> Data below:

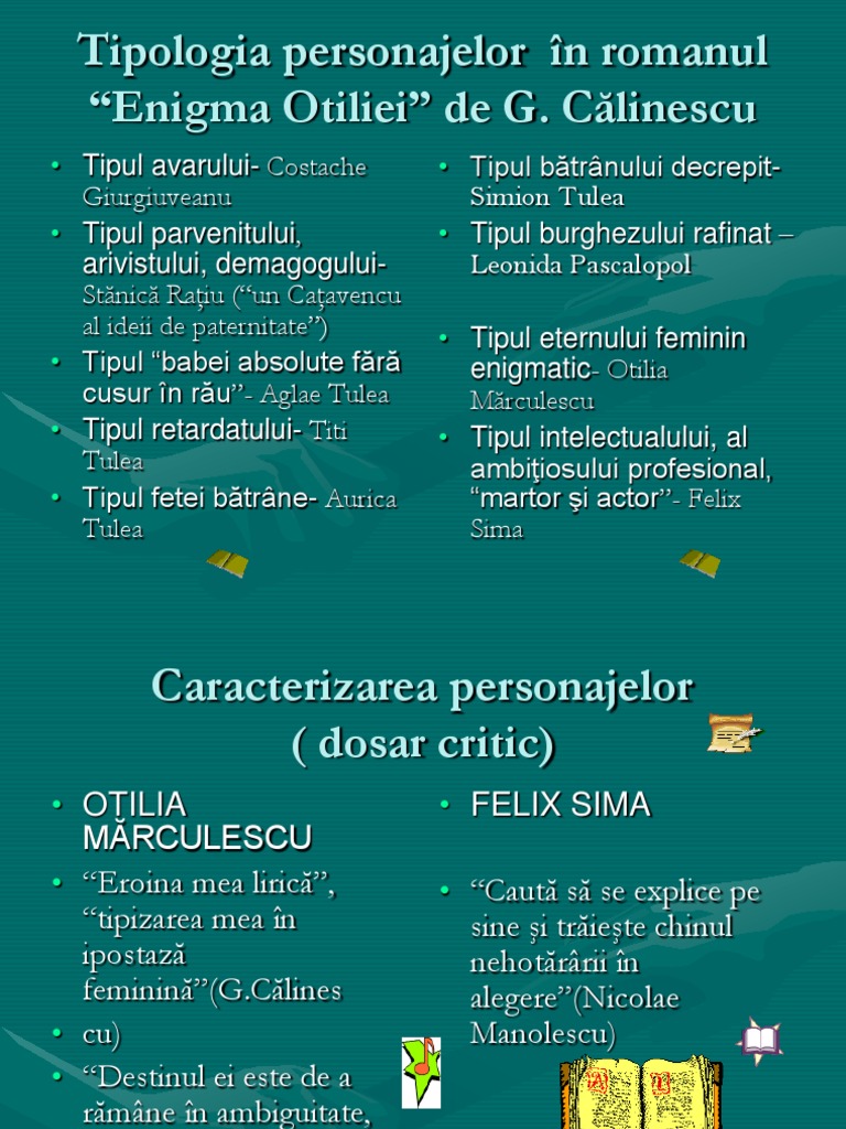 Tipologia Personajelor Felix Si Otilia
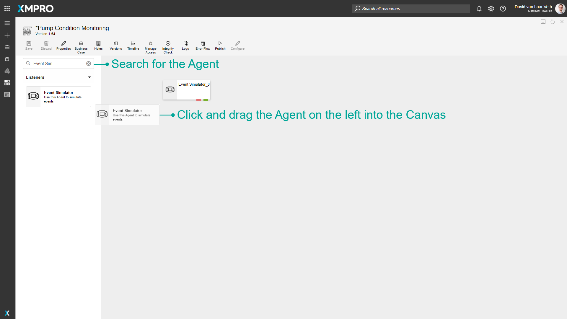 You can search for the Agent in the search bar, and click and drag the Agent into the canvas to add it. An instance of an Agent added to the canvas is referred to as a Stream Object.
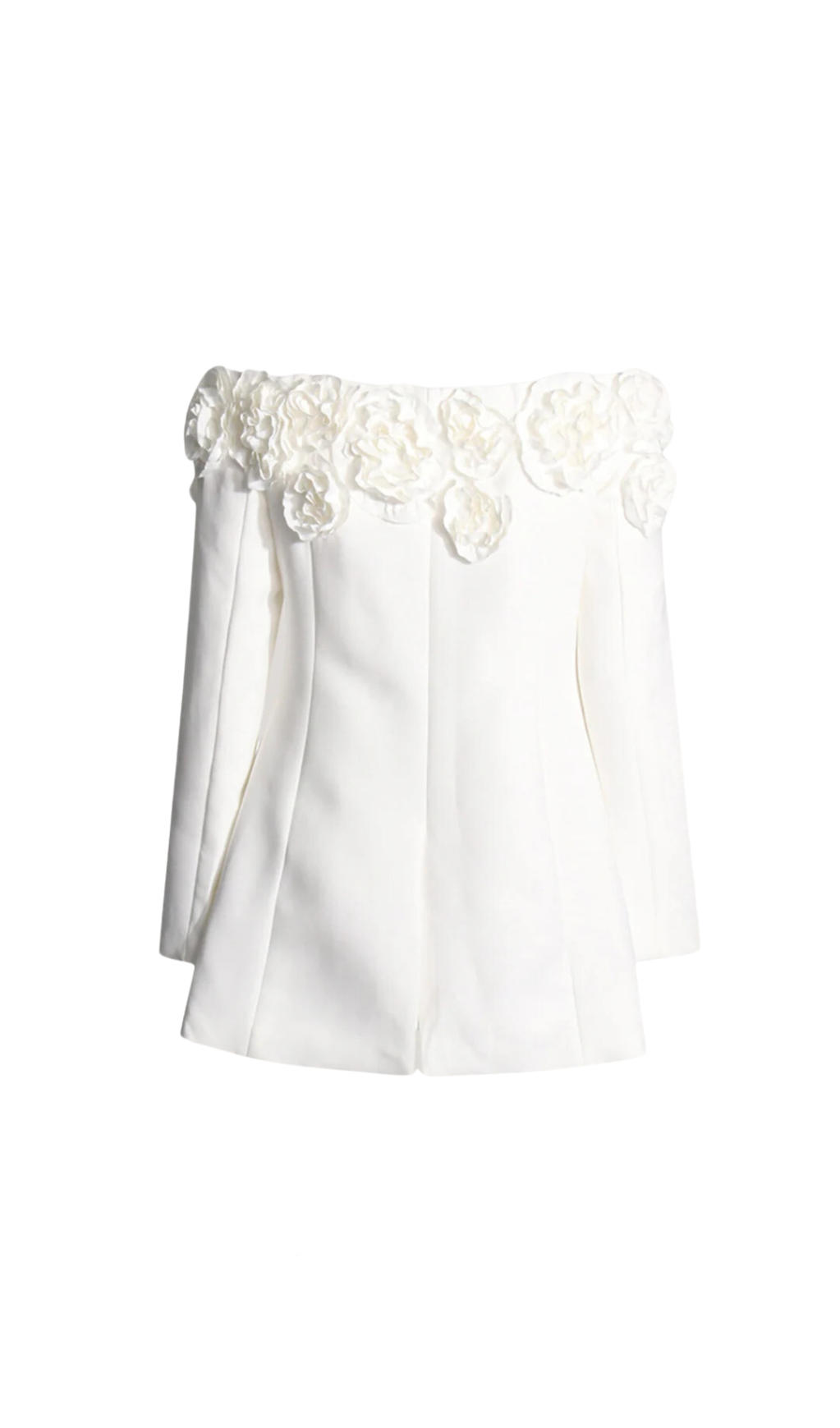 • 3D floral , off-shoulder, mini dress, solid color, white

> Your instructions:
Return every line of the data above exactly, and omit all pictures.

> Your solution:
 Tipologia Personajelor Felix Si Otilia
 You can search for the Agent in the search bar, and click and drag the Agent into the canvas to add it. An instance of an Agent added to the canvas is referred to as a Stream Object.
 • 3D floral , off-shoulder, mini dress, solid color, white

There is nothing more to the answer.